En 1946, Eva había llegado a Tucumán en avión. Dos años después, el 5 de noviembre de 1948, la multitud no la aguardó en las inmediaciones del ex aeropuerto, sino en la estación del ferrocarril frente a la plaza Alberdi. El plan de viaje era una gira nacional, así que se quedó pocas horas en la ciudad. Antes de las 10 de la mañana, Eva arribó a la Casa de Gobierno en un auto descapotable. La plaza estaba colmada. En medio del gentío, una anciana logró colarse e interceptó a Eva cerca del despacho del gobernador. Se pusieron a charlar, le contó que tenía 76 años y que cobraba una exigua pensión.
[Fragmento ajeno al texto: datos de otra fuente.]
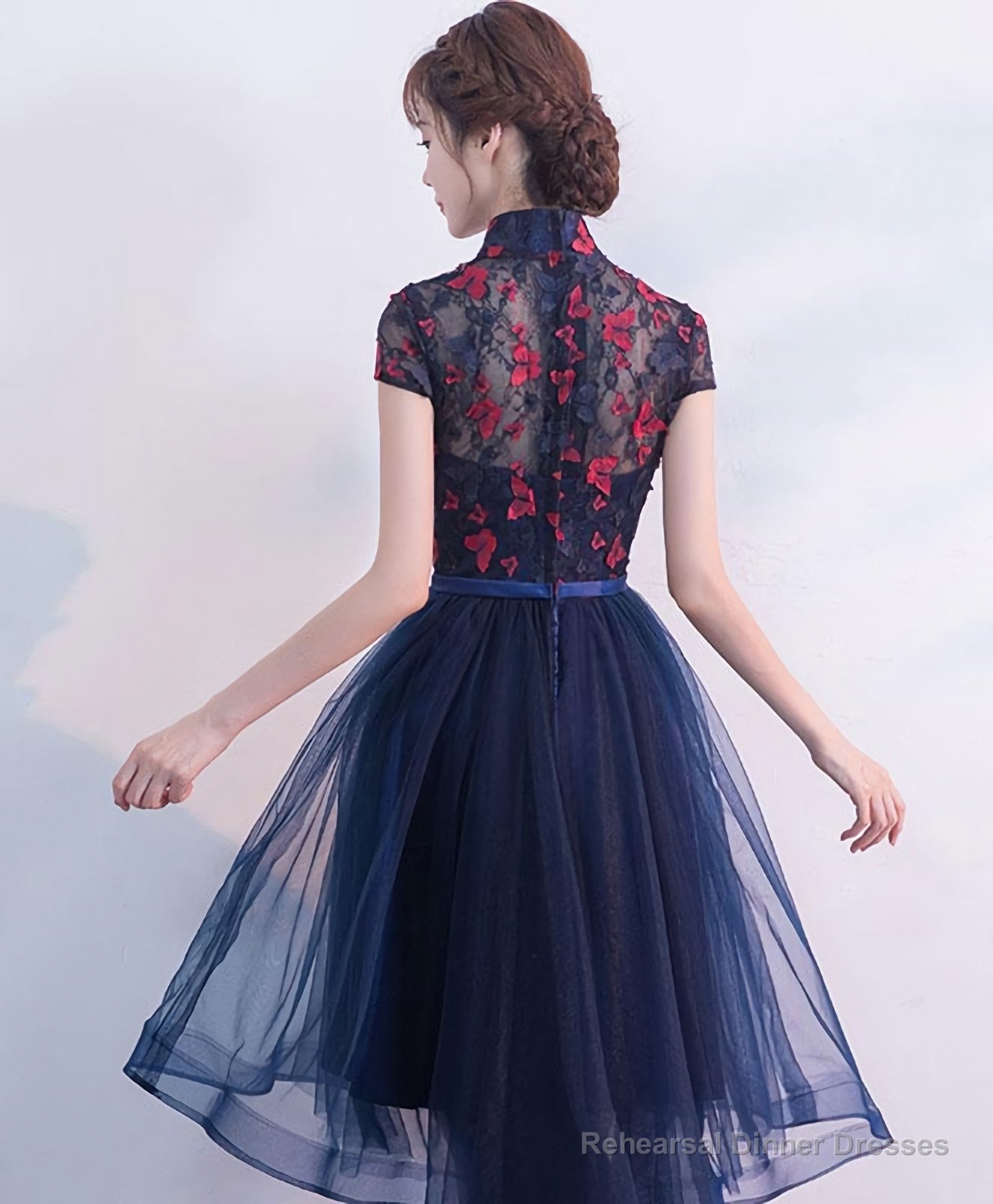 Blue Tulle Lace High Low Prom Dress, Blue Homecoming Dress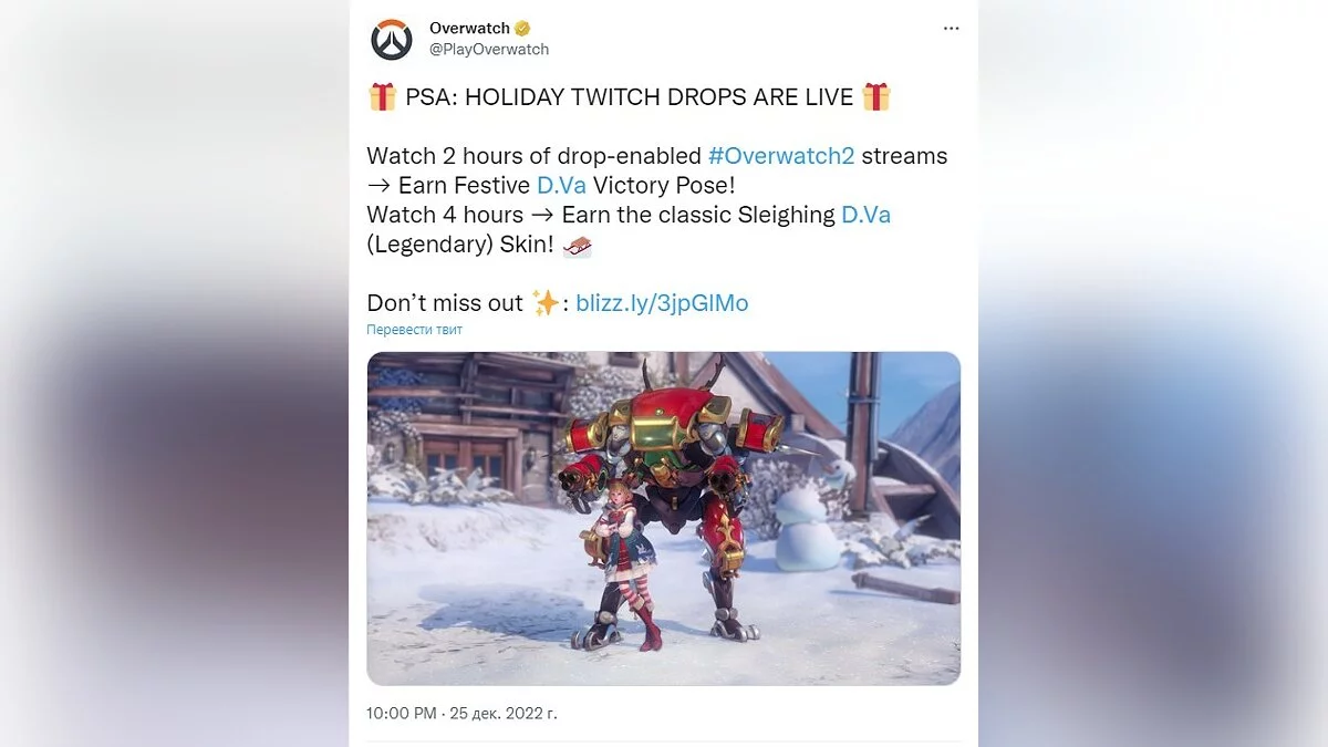 Компания при этом сделала рождественскую раздачу позы и скина на D.Va. Правда, для этого придется смотреть стрим два либо четыре часа на Twitch.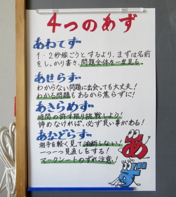 『 あわてず ・ あせらず ・ あきらめず ・ あなどらず 』 この「 4つの “ あ ” ・ “ ず ” 」 を心の中で唱え、これまで積み重ねてきたすべてを発揮してほしいと思います。
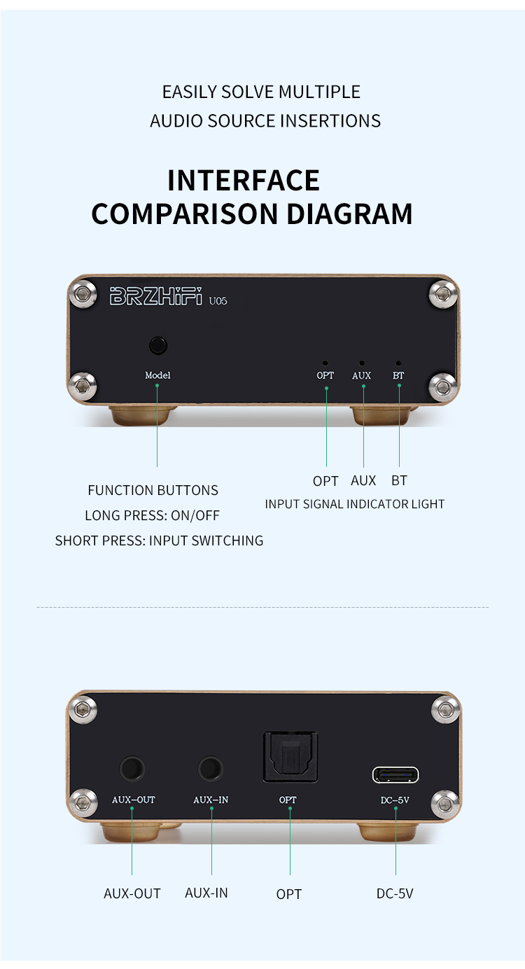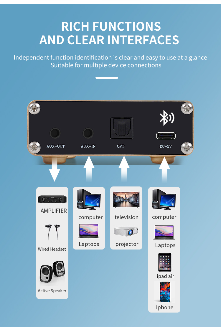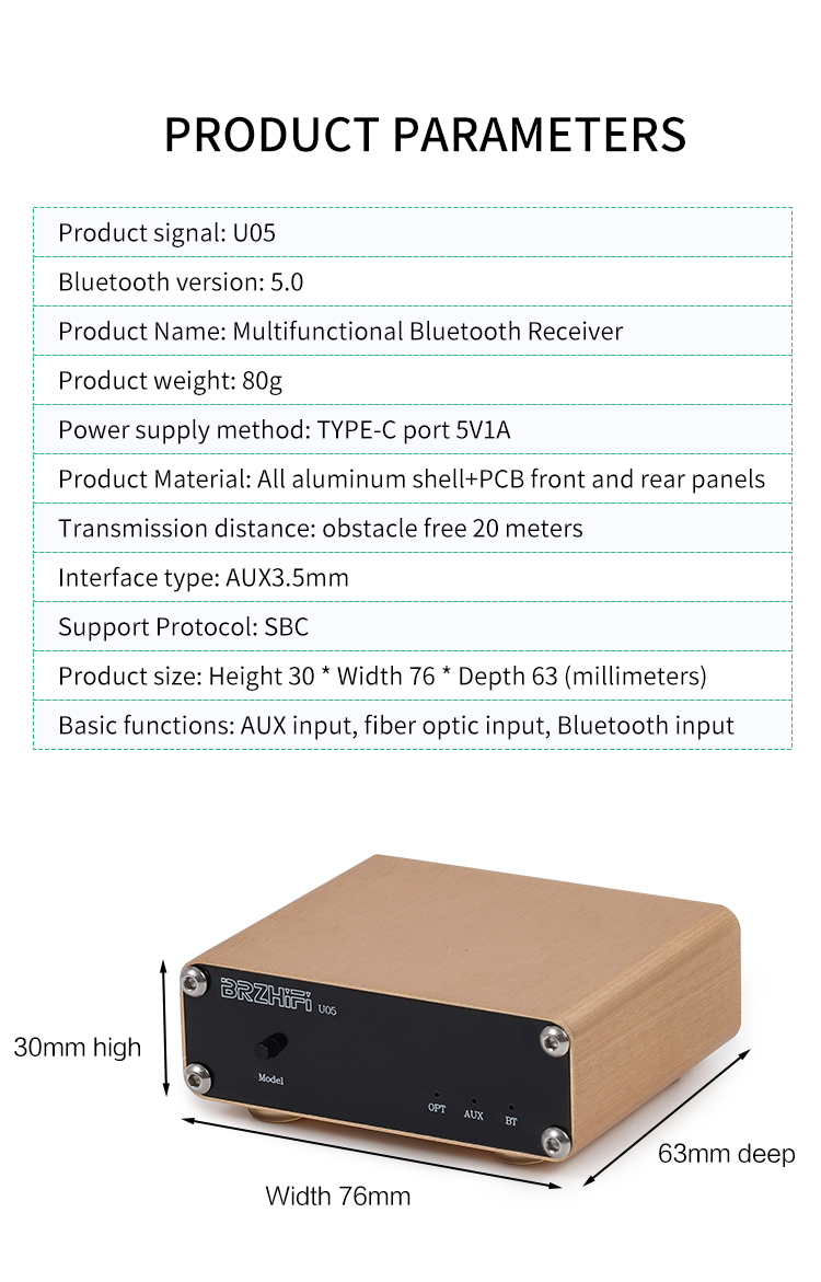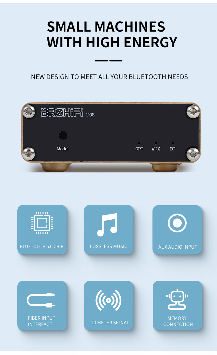 BRZHIFI U05 Multifunctional Bluetooth Receiver HiFi Lossless Audio Output 20 Meter Signal Transmission

Eva le dio un billete de 50 pesos y le prometió alguna solución de fondo. ¿Cómo se llamaba esa anciana? ¿Cómo siguió la historia? ¿Habrán alcanzado los tentáculos de la Fundación Eva Perón a esa tucumana que una mañana gambeteó los controles hasta quedar cara a cara con la mujer más poderosa de la Argentina? Aquella fue una jornada frenética, a un ritmo de trabajo -el de Eva- que no era el usual para el Tucumán provinciano de la primera mitad del siglo XX. Ese día nadie durmió la siesta. Se montó un raid de inauguraciones: el hogar-escuela del parque 9 de Julio, dos barrios obreros (todos con el nombre de Eva Duarte de Perón) y la pavimentación del camino entre Banda del Río Salí y Cevil Pozo. Almorzaron sin demasiados fastos a bordo del tren. Ya no era aquella Eva de 1946; a esa altura de la primera presidencia de Perón -fines del 48- y con apenas 29 años, su peso político era sencillamente demoledor.

1950

Las elecciones a gobernador se habían saldado con una abrumadora victoria del peronismo. El mayor Domínguez le cedió el sillón de Lucas Córdoba a Fernando Riera y para encabezar la ceremonia de transmisión del mando Eva hizo pie en Tucumán el 4 de junio. Con sus inconfundibles señas particulares -traje sastre y rodete- saludó a la muchedumbre en la plaza y, con especial afecto, a la simoqueña Lucía de Jesús de Beltrán, portadora de la bandera en representación del Movimiento Femenino.

Ese domingo se inauguró el Hogar Escuela Presidente Perón y -un clásico de la época- los tres obreros que mejor se habían desempeñado durante la construcción fueron seleccionados para izar la bandera: Ramón Gandolfi, José Quiroga y José Romano. “Por su conducta y contracción a las labores”, le explicaron a la esposa del Presidente, y ella los saludó con la mayor efusividad. Antes de la medianoche Eva partió hacia Jujuy. Riera, Domínguez y miles de seguidores la acompañaron a tomar el tren.

Epílogo

Rodolfo Walsh había rescatado la figura de Eva en un cuento fundacional (“Esa mujer”, 1966). Dos décadas más tarde, en 1995, vio la luz “Santa Evita”. Otra vez Eva y Tucumán, unidas en ese caso por un autor -Tomás Eloy Martínez- cuya vastísima obra está cruzada por Perón y por el peronismo. Las visitas de Evita a la provincia encontraron al escritor viajando desde la preadolescencia a la juventud. El 16 de julio de 1952 Martínez cumplió 18 años; 10 días después moría Evita en Buenos Aires. La novela maceró a lo largo de décadas, fue ganando condimentos a caballo de charlas, vivencias y descubrimientos, hasta explotar con la forma de un relato imperdible.

Eva, centenaria ya, encuentra un anclaje tucumano gracias a pequeñas-grandes historias de carne y hueso; a un escritor brillante e inspirado; y a momentos que van borrándose como las lágrimas bajo la lluvia. Pero para el olvido siguen existiendo los antídotos.